Removing isolated pixels using OpenCV
Asked Answered
S

3

10

I'm looking for a way to remove isolated white pixels from a binary image using OpenCV. A similar question (OpenCV get rid of isolated pixels) has a bunch of "answers" but none seem to work for me. I've tried various combinations of opening and closing without success as well.

The article here:

https://homepages.inf.ed.ac.uk/rbf/HIPR2/hitmiss.htm

Suggests I can use the hit-or-miss operation for exactly this purpose:

Structuring elements

1 is used to locate isolated points in a binary image

And that the reason why is that 0s are interpreted differently than when they are used with erosion/dilation directly (where 0s are interpreted as "don't care's" rather than "not white" which is basically what I'm after). However, using this kernel simply renders the original image.

My input image is this:

Calc input image

You'll notice there's a few white pixels near the left-hand side of the image which I'd like to get rid of.

Here's the code:

kernel = np.array([ [0, 0, 0],
                    [0, 1, 0],
                    [0, 0, 0]],np.uint8)

hitormiss = cv2.morphologyEx(input_image, cv2.MORPH_HITMISS, kernel)

cv2.imshow('hitormiss', hitormiss)

What is the right way of removing isolated pixels like these?

Update: Alexander's answer works like a charm and is the fastest solution. The other answer provides a solution too, which is to use the cv2.connectedComponents function, but it is much more processor-intensive. Here's a function that uses this approach:

def remove_isolated_pixels(self, image):
    connectivity = 8

    output = cv2.connectedComponentsWithStats(image, connectivity, cv2.CV_32S)

    num_stats = output[0]
    labels = output[1]
    stats = output[2]

    new_image = image.copy()

    for label in range(num_stats):
        if stats[label,cv2.CC_STAT_AREA] == 1:
            new_image[labels == label] = 0

    return new_image
Samale answered 10/9, 2017 at 17:52 Comment(3)
have you tried using a median blur? Choose the right kernel to avoid losing extra informationJoannajoanne
Yes; blurring the binary image is too destructive, even with the smallest aperture size of 3.Samale
There is something odd going wrong with OpenCV here. I used ImageMagick and applied a Hit-or-Miss morphology with a 0,0,0 0,1,0 0,0,0 kernel and it immediately isolated your noisy pixels. I notice your image is palettised - have you checked the actual values in your input image where you expect to find the noise - I mean printed out their actual values and the 8 surrounding pixels?Initial
A
16

I believe the OpenCV implementation was broken. There was a related issue on OpenCV's GitHub which seems to have merged a pull request to fix; I think it was added to OpenCV 3.3-rc as referenced in the pull request so hopefully this should be fixed by the next time you update OpenCV. I'm not sure if the problem is caused by the same thing or not.

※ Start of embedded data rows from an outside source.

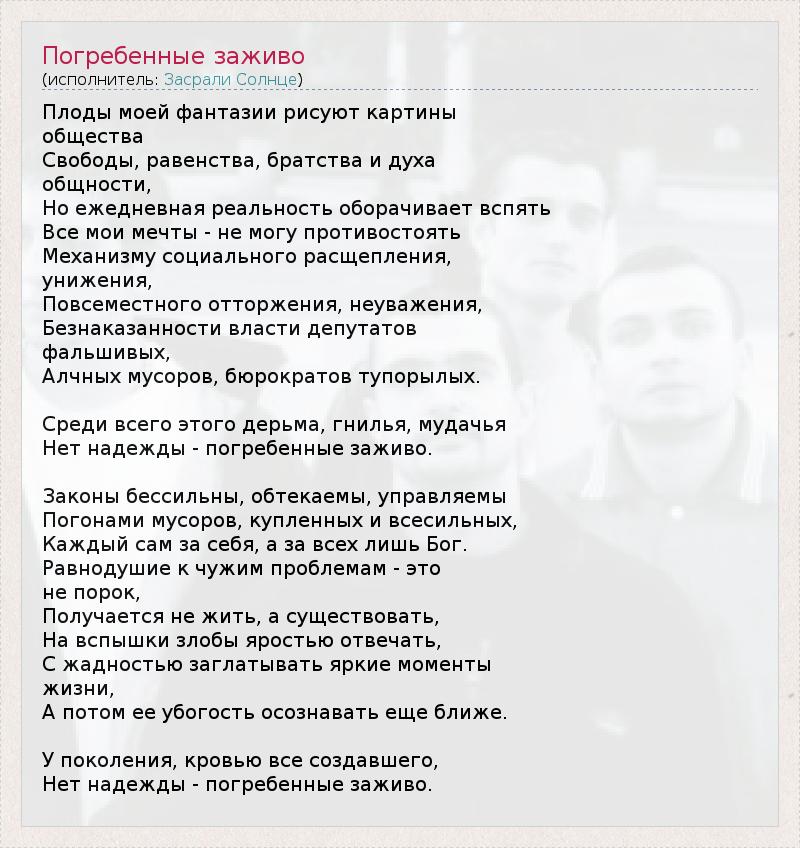 А как ты думаешь, о чем песня "Погребенные заживо" ?
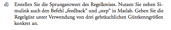 Untersuchen Sie den Regelkreis auf Stabilität indem Sie die Pollagen der Laplace-Übertragungsfunktion prüfen (Hinweis: Nutzen Sie die Matlab Befehle "roots", "Damp" oder pzmap").
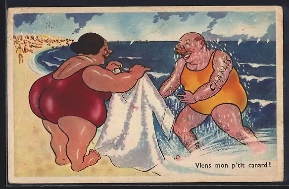 AK Beleibte Dame und kräftiger Herr in Badeanzügen am Strand, Karikatur
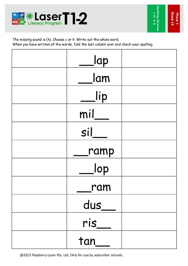 Spelling Choices Worksheet – c or k?
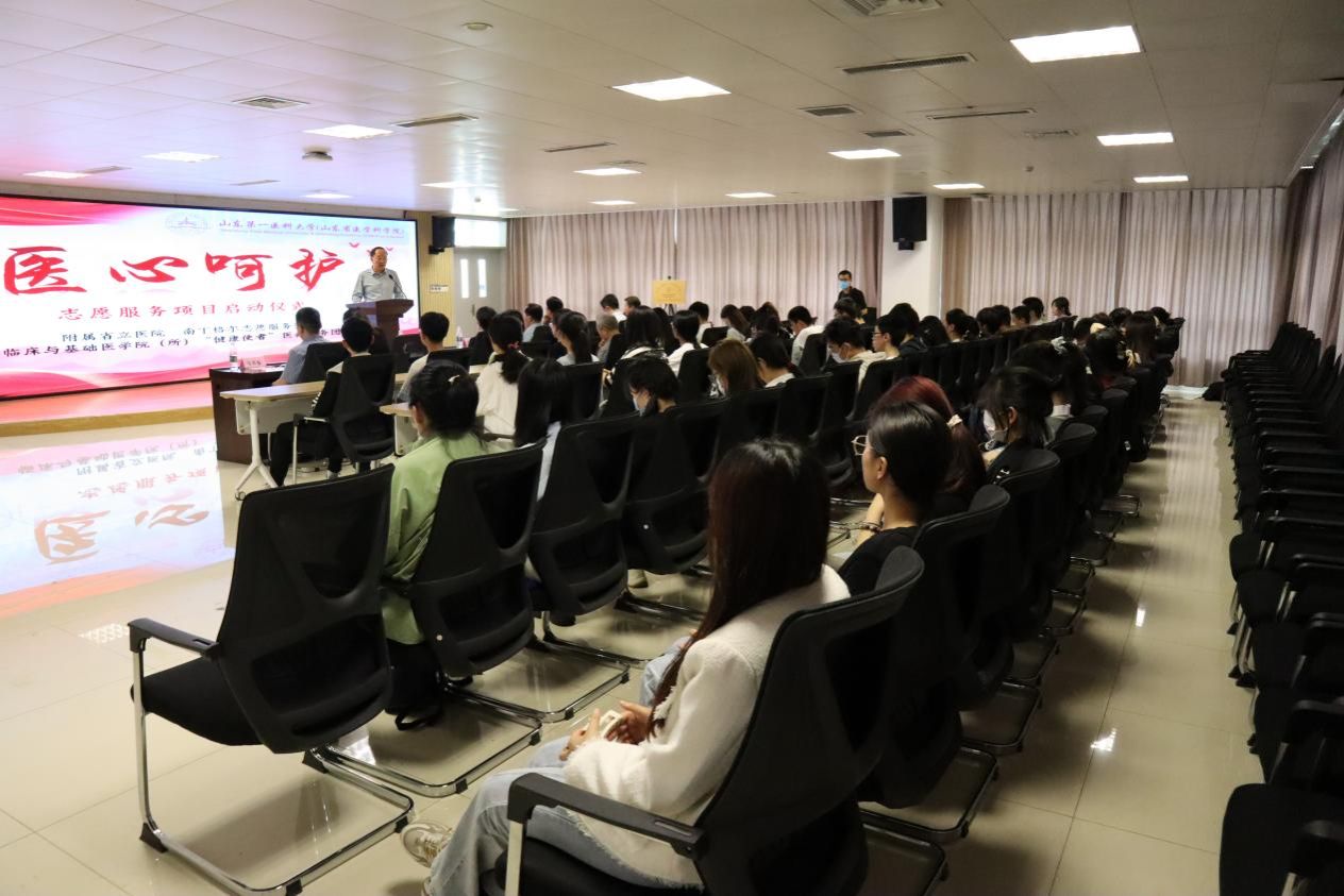 启动仪式上,李栋为“医心呵护”志愿服务项目颁发指导教师聘书并授牌。校(院)团委负责同志介绍了校(院)志愿服务开展情况,附属省立医院护理部负责同志介绍了医院南丁格尔志愿服务队基本情况,员工志愿者代表作了表态发言。

The creative solution from the selected answer is great, but I agree with you: there must be a better way, despite the broken implementation.

On the OpenCV Hit-or-miss tutorial they state:

Therefore, the hit-or-miss operation comprises three steps:

  1. Erode image A with structuring element B1.
  2. Erode the complement of image A (A_c) with structuring element B2.
  3. AND results from step 1 and step 2.

It then goes on to say that this can be accomplished with a single kernel in the hit-or-miss transform, but as we know, it is broken. So let's do those steps instead.

import cv2
import numpy as np

# load image, ensure binary, remove bar on the left
input_image = cv2.imread('calc.png', 0)
input_image = cv2.threshold(input_image, 254, 255, cv2.THRESH_BINARY)[1]
input_image_comp = cv2.bitwise_not(input_image)  # could just use 255-img

kernel1 = np.array([[0, 0, 0],
                    [0, 1, 0],
                    [0, 0, 0]], np.uint8)
kernel2 = np.array([[1, 1, 1],
                    [1, 0, 1],
                    [1, 1, 1]], np.uint8)

hitormiss1 = cv2.morphologyEx(input_image, cv2.MORPH_ERODE, kernel1)
hitormiss2 = cv2.morphologyEx(input_image_comp, cv2.MORPH_ERODE, kernel2)
hitormiss = cv2.bitwise_and(hitormiss1, hitormiss2)

cv2.imshow('isolated.png', hitormiss)
cv2.waitKey()

Isolated pixels

And then to remove, it's as simple as inverting the hitormiss and using that as a mask in cv2.bitwise_and() with the input_image.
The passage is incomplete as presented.